The Wandering Jew's Chronicle

2. The format of the ballad

Format is a fundamental concept in bibliography, which aims to describe books in strictly material terms. It is also an important concept in book history, in which a book's materiality may be related to trade practices, distribution methods, readerly expectations, and the wider context of a book's production and circulation. Textual scholarship, for its part, has rarely emphasised format, more concerned as it is with the book's content, abstracted from its material carrier. Literary scholarship pursued under the banner of material text criticism has recently called attention to how format can shape meaning, whether consciously chosen by an author, publisher or other agent, or as experienced by a reader or owner.[1] Considered bibliographically, then, the earliest known edition of The Wandering Jew's Chronicle is printed in the broadside format, consisting of a single sheet printed on one side, perhaps the simplest of all print publications in its manufacture and certainly one of the oldest. Book history enlarges on this description by pointing out that broadsides were easy and quick to print and suitable for displaying on a wall, like a poster, and were therefore commonly used for public proclamations, news and broadside ballads like the Chronicle.[2] Broadside ballads were printed, displayed, sung and sold in streets, fairs and other public places in large numbers in Britain between the sixteenth and the eighteenth centuries.[3] At least two editions of the Chronicle were printed in another format, as short pamphlets often distributed by travelling pedlars, or chapmen, from which they are usually called chapbooks - a description that more closely resembles a trade format, referring to its method of production and distribution, than a format that can be specified with much bibliographical precision.[4] One side of a printed sheet imposed with four type-pages on each side, to be folded to produce an eight-page chapbook edition of the Chronicle is reproduced below:

wandering jew woodcut

Fig. 3. The Wand'ring Jew's Chronicle, a chapbook edition. (H.4).

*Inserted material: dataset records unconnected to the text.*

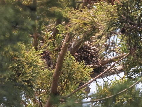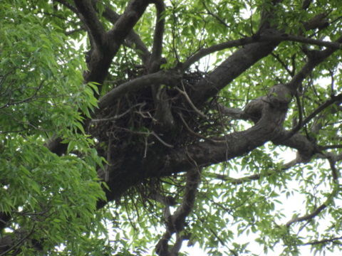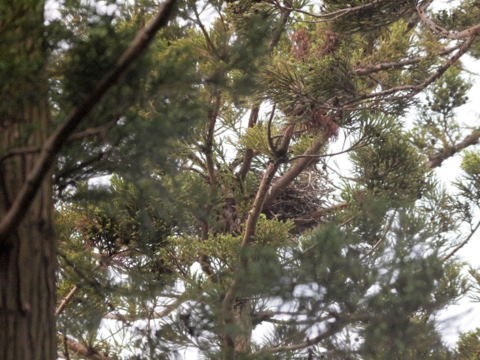これは、今回初めて見ました。カラスの巣です。日本でカラスと言えば、ハシブトガラスとハシボソガラスが二大勢力ですが、この巣はハシボソガラスの巣だそうです。この巣は、鳥の博物館の近くの香取神社の境内にありますが、ここはちょうどハシボソガラスとハシブトガラスの勢力圏の境だそうで、毎日のようにこの巣の近くで、両者のバトルが続いているそうです。
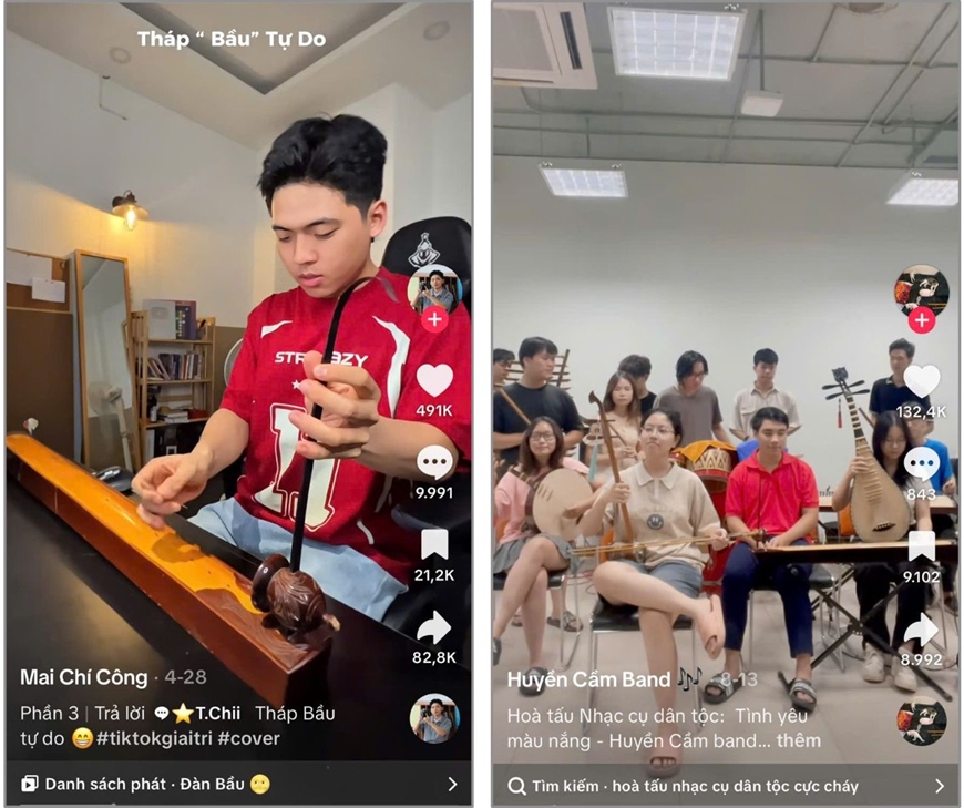 Trên Tiktok của nghệ sĩ trẻ Mai Chí Công, các video đàn bầu bản nhạc nổi tiếng như: “Die with a smile”, “Phép màu”.... được anh biến tấu một cách mới lạ, trở nên thu hút đến lạ thường. Ở dưới các bài đăng của anh, nhiều bạn trẻ tỏ ra hào hứng và bày tỏ mong muốn anh tiếp tục thực hiện các tác phẩm với đàn bầu. Hay như bản hòa tấu “Tình yêu màu nắng” bằng các nhạc cụ dân tộc của nhóm Huyền Cẩm Band thời gian qua đã tạo được hiệu ứng lan tỏa mạnh mẽ, khiến nhiều người trẻ tò mò và muốn thử chơi những nhạc cụ truyền thống.
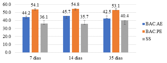 Analizando comparativamente los vacíos de las tres muestras, se puede observar que las dos mezclas que contienen AE y PE tuvieron valores mucho más altos, ya que incluso después de la impregnación con solución bacteriana permaneció la estructura porosa del PE, lo que resultó en la identificación de vacíos. En la mezcla SS, con mayor compacidad, se observó un índice mucho menor. Al respecto, cabe mencionar que no se percibe daño en la incorporación de SS directamente a la matriz.
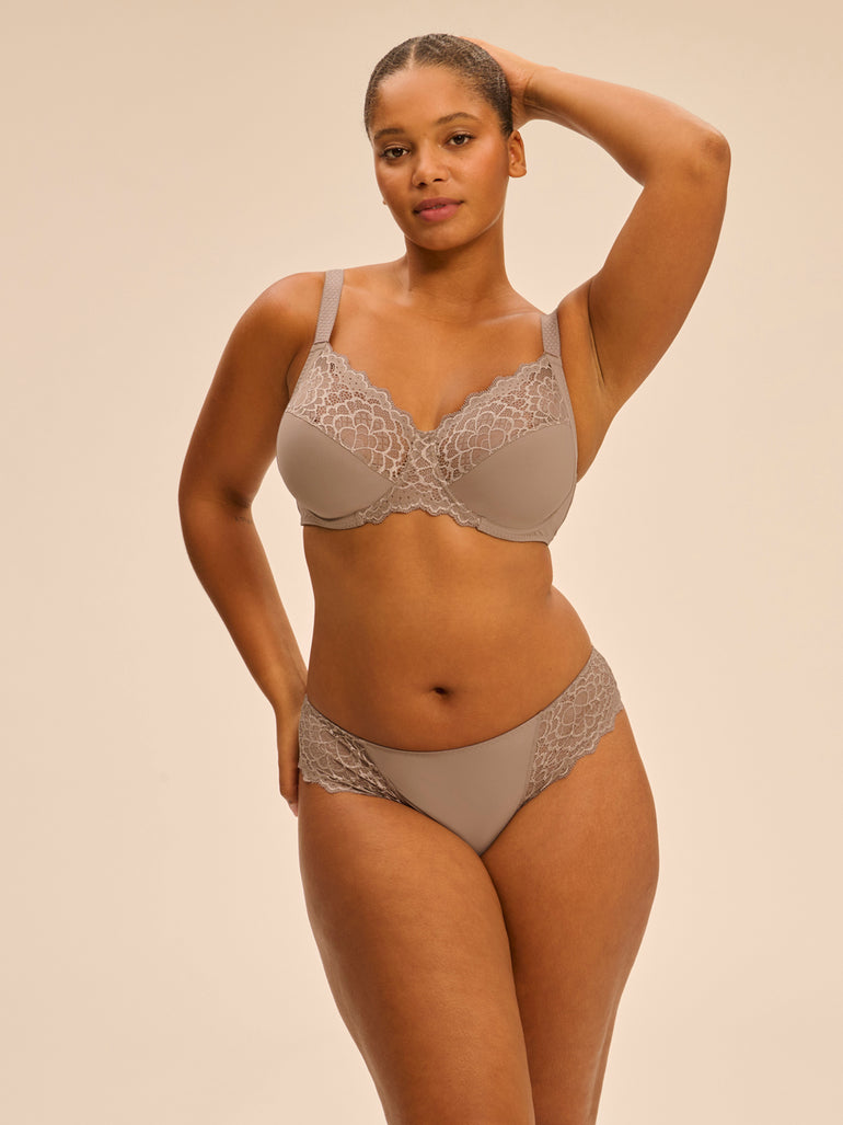 Subtly seductive and impeccably soft, let the smoothest knit lace embrace your skin. The Caresse Bikini Brief is reliable, supportive and up for a good time. Carefully considered in an ultra-soft knit, these bikini briefs offer full coverage as delicate lace brings an air of elegance. As far as lingerie goes, this one’s a top-drawer go-to for classic, neutral clothing.
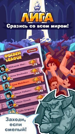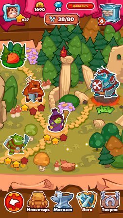 Если вы отважный и смелый, не страшитесь схваток с драконом, готовы штурмовать стены высокой башни, ставьте головоломку с развитием персонажа и совершенствуйте навыки. Приключенческая головоломка ищу героя – раритетная сюжетная линия, непринужденные в прохождении, но динамичные стадии, улучшающий настроение музыкальный фон. Поклонники жанра – скачивайте бесплатный установщик android головоломки: собирайте снаряжение для путешествий, создавайте и применяйте сокрушающие врагов заклинания, присоединяйтесь к лиге высшего статуса.

In terms of the ballad's content, editions of the Chronicle are graphical representations of multiple media. All editions contain a text; most provide the name of a tune to which the text can be sung; and most include illustrations printed from wooden blocks, known as woodcuts.[5] These elements, and the format that bears them, uniquely intersect within the Chronicle tradition while also possessing independent histories of their own. Those recurrent media-elements, or traditions as they might be described (without prejudice or mystification) by textual scholars, contain more complexity and ambiguity than can be described with textual scholarship's customary precision, and for which we might supplement it with the more evaluative methods of disciplines such as literary criticism or visual studies.



[1] See e.g. Katherine O' Brien O Keeffe, 'Editing and the material text', in The editing of Old English: papers from the 1990 Manchester conference, ed. by D.G. Scragg and Paul E. Szarmach, 147-154; Janine Barchas, Graphic design, print culture, and the eighteenth-century novel, (Cambridge University Press, 2003); Juliet Fleming, Graffiti and the writing arts of early-modern England, (Penn Press, 2001); and Zachary Lesser, 'Typographic nostalgia: playreading, popularity and the meanings of black letter', in The book of the play: playwrights, stationers, and readers in early-modern England, ed. by Marta Straznicky, (University of Massachusetts Press, 2006), 99-126; Randall McLeod, 'Un "editing" Shak-speare', SubStance, 10:4, Issue 33-34, (1981 - 1982), 26-55.

[2] Peter Stallybrass, '"Little Jobs": broadsides and the printing revolution', in Sabrina Alcorn Baron, Eric N. Lindquist and Eleanor F. Shevlin (eds.), Agent of change: print culture studies after Elizabeth L. Eisenstein, (University of Massachusetts Press, 2007)

[3] Leslie Shepard, The broadside ballad: a study in origins and development, (Herbert Jenkins, 1962).

[4] Victor E. Neuburg, Chapbooks: A guide to reference material on English, Scottish and American chapbook literature of the eighteenth and nineteenth centuries, (Woburn Press, 1972).

[5] For ballads as literature, see David C. Fowler, A literary history of the popular ballad, (Duke University Press, 1968); as illustrated visual works, see Alexandra Franklin, 'The art of illustration in Bodleian broadside ballads before 1820', Bodleian Library Record, 17, (2002), 327-352; and as songs see Claude M. Simpson, The British broadside ballad and its music, (Rutgers University Press, 1966) and Christopher Marsh, 'The sound of print in early-modern England: the broadside ballad as song', in The uses of script and print, 1300-1700, edited by Julia Crick and Alexandra Walsham, (Cambridge University Press, 2004), 171-190.